**Task to complete**. Give back the data below word for word. Any image in it should be left out.

**Recorded information**.
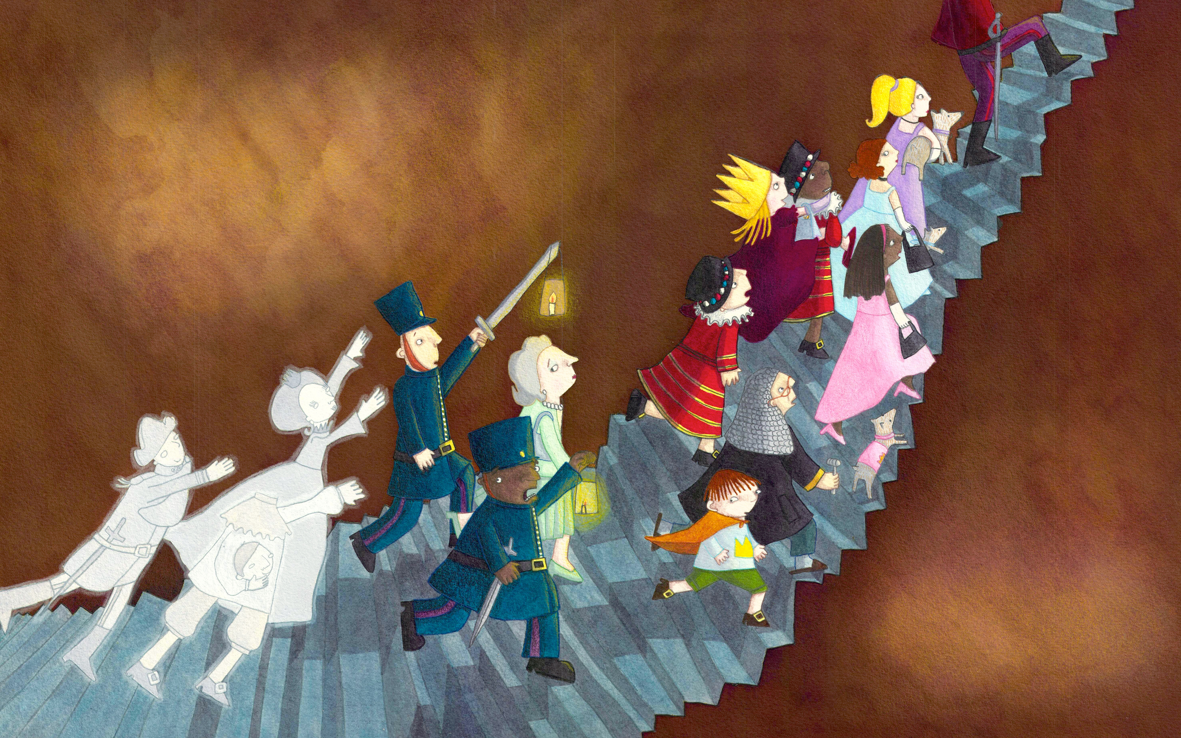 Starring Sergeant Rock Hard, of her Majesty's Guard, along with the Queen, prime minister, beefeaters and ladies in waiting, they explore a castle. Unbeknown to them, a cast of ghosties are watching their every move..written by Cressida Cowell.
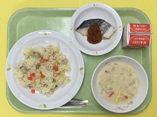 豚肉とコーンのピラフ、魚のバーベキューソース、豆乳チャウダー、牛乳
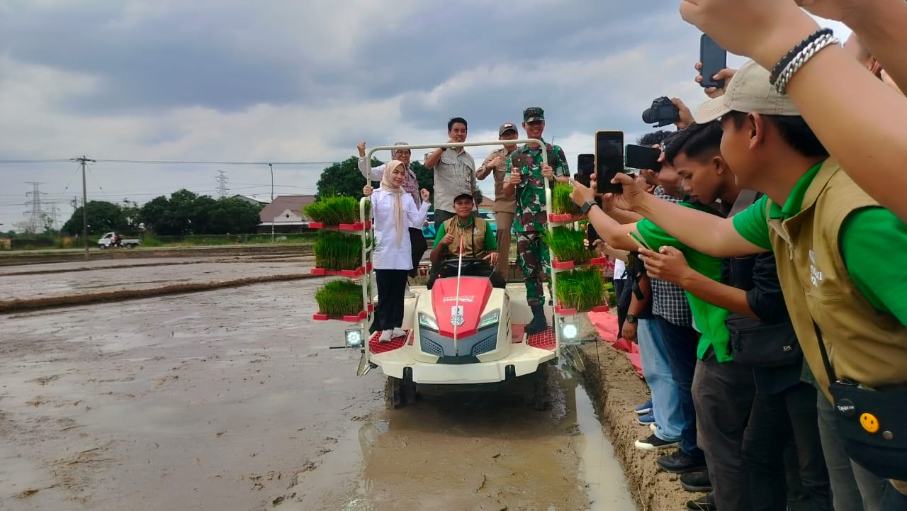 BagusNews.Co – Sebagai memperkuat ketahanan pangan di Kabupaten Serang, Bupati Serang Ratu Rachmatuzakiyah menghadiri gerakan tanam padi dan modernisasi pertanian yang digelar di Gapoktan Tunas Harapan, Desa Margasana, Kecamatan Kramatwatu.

**Exercise output**.
 Starring Sergeant Rock Hard, of her Majesty's Guard, along with the Queen, prime minister, beefeaters and ladies in waiting, they explore a castle. Unbeknown to them, a cast of ghosties are watching their every move..written by Cressida Cowell.
 豚肉とコーンのピラフ、魚のバーベキューソース、豆乳チャウダー、牛乳
 BagusNews.Co – Sebagai memperkuat ketahanan pangan di Kabupaten Serang, Bupati Serang Ratu Rachmatuzakiyah menghadiri gerakan tanam padi dan modernisasi pertanian yang digelar di Gapoktan Tunas Harapan, Desa Margasana, Kecamatan Kramatwatu.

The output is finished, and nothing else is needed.